COLUMBIA, Mo. If finding the cure for a fungus and parasite that affects millions of people were the subject of a detective show, University of Missouri Chemistry Professor John Tanner would be the forensic expert in the lab, using high-tech equipment to make a model that could eventually solve the crime.

Tanner, who also teaches chemistry in the College of Arts and Science, has joined forces with Pablo Sobrado, an assistant professor of biochemistry at Virginia Tech, to study a unique enzyme found on two "crime scenes": in Aspergillus fumigatus, a fungus that causes pulmonary diseases in immuno-compromised people; and in a blood-sucking insect prevalent in South America and now being found in the southwestern U.S., called the Chagas parasite, also known as the "kissing bug" for the red welts left on the victims' faces after being bitten in his or her sleep.

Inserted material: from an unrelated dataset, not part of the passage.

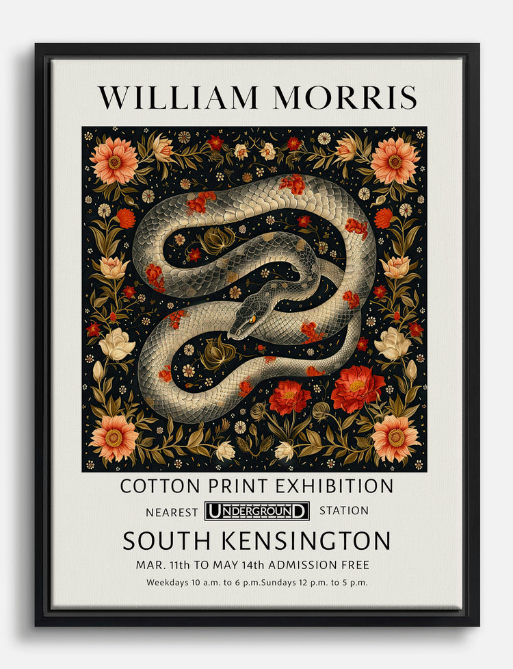 Looking for a bold way to express your style? This William Morris-inspired piece weaves vintage charm with a modern edge, featuring a striking serpent coiled among lush blooms. The rich blacks and warm florals pop against any wall, making it a conversation starter in your living room or a dramatic accent in your bedroom.

"My job is to figure out what the enzyme looks like using X-ray diffraction," Tanner said. "This enzyme makes a special sugar molecule that these organisms need to survive, so if we can find a way to stop the reaction that makes that sugar, then we might find a way to kill these pathogens."

In Tanner's lab at the University of Missouri, researcher Dale Karr is in the first stages of the process growing tiny crystals of the enzyme. These crystals will eventually be used in X-ray crystallography, a technique in which diffraction patterns that are produced by bombarding crystals with intense X-ray beams are decoded to determine the atomic structure of the enzyme. With this information, and Sobrado's information on how the protein can be isolated and characterized, different drugs that may inhibit the enzyme can be designed and tested.

"The enzyme is like a lock, and if we can see what the lock looks like, we can find a key to fit in the lock and prevent the enzyme from being active," said Tanner. "This is interesting because it's a new project for us, and the collaboration with Pablo has enabled my group to enter a different field with a focus on drug design. That's exciting for me; hopefully the fruits of our labor will some day help people."

The National Institutes of Health (NIH) has given a $1.5 million grant to support the five-year research project.